Task brief: Word for word, transcribe the lines below and drop the pictures.

Given material:
------------------------------
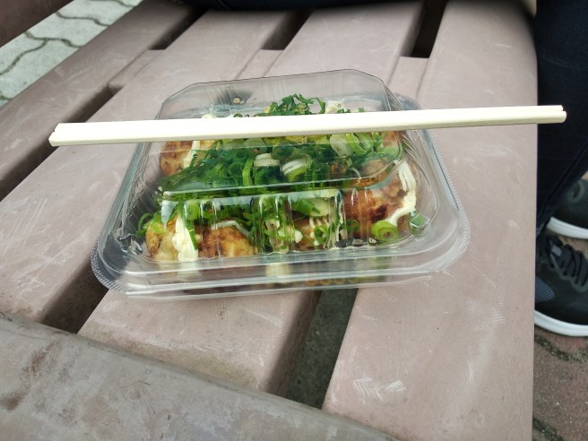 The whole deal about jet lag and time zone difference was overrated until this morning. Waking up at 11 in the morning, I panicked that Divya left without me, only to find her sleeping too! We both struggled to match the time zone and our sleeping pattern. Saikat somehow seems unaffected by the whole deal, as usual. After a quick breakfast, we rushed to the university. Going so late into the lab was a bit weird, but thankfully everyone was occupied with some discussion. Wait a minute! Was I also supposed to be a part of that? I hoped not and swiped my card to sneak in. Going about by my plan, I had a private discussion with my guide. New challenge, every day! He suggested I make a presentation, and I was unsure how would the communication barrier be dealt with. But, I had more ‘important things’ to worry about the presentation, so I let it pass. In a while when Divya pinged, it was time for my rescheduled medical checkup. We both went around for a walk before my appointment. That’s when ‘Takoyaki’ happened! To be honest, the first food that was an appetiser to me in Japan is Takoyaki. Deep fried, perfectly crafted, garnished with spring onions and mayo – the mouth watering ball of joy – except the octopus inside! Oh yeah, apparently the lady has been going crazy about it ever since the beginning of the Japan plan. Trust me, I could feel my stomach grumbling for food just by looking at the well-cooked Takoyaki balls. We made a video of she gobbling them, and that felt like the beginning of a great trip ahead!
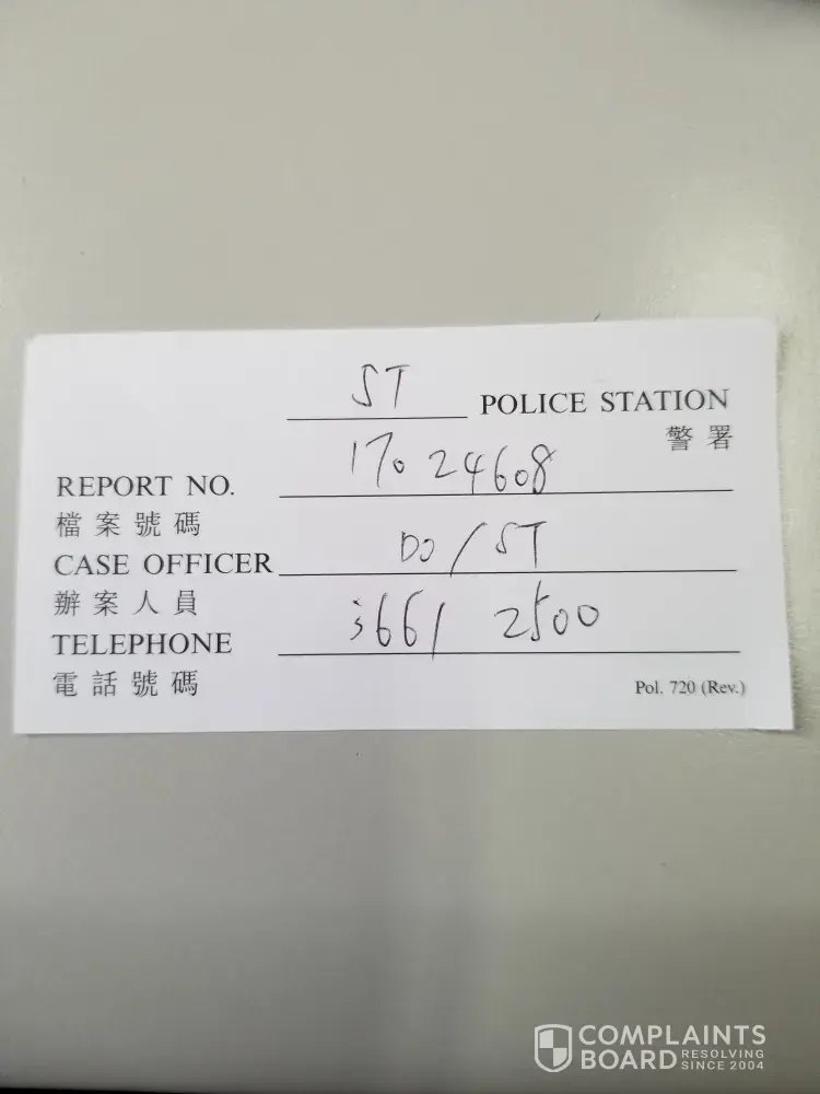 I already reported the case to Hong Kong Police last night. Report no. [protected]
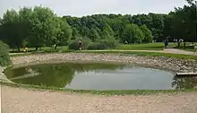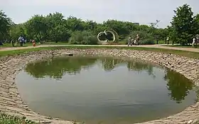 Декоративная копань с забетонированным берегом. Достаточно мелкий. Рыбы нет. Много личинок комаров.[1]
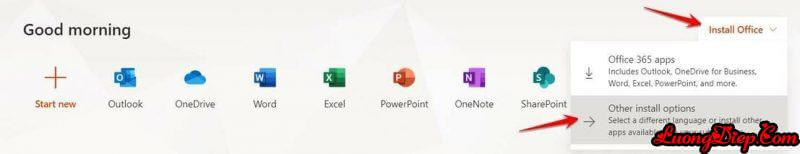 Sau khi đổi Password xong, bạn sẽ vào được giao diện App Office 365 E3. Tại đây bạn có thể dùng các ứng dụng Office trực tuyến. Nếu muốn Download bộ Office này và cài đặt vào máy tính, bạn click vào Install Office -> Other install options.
------------------------------
Response for this exercise:
 The whole deal about jet lag and time zone difference was overrated until this morning. Waking up at 11 in the morning, I panicked that Divya left without me, only to find her sleeping too! We both struggled to match the time zone and our sleeping pattern. Saikat somehow seems unaffected by the whole deal, as usual. After a quick breakfast, we rushed to the university. Going so late into the lab was a bit weird, but thankfully everyone was occupied with some discussion. Wait a minute! Was I also supposed to be a part of that? I hoped not and swiped my card to sneak in. Going about by my plan, I had a private discussion with my guide. New challenge, every day! He suggested I make a presentation, and I was unsure how would the communication barrier be dealt with. But, I had more ‘important things’ to worry about the presentation, so I let it pass. In a while when Divya pinged, it was time for my rescheduled medical checkup. We both went around for a walk before my appointment. That’s when ‘Takoyaki’ happened! To be honest, the first food that was an appetiser to me in Japan is Takoyaki. Deep fried, perfectly crafted, garnished with spring onions and mayo – the mouth watering ball of joy – except the octopus inside! Oh yeah, apparently the lady has been going crazy about it ever since the beginning of the Japan plan. Trust me, I could feel my stomach grumbling for food just by looking at the well-cooked Takoyaki balls. We made a video of she gobbling them, and that felt like the beginning of a great trip ahead!
 I already reported the case to Hong Kong Police last night. Report no. [protected]
 Декоративная копань с забетонированным берегом. Достаточно мелкий. Рыбы нет. Много личинок комаров.[1]
 Sau khi đổi Password xong, bạn sẽ vào được giao diện App Office 365 E3. Tại đây bạn có thể dùng các ứng dụng Office trực tuyến. Nếu muốn Download bộ Office này và cài đặt vào máy tính, bạn click vào Install Office -> Other install options.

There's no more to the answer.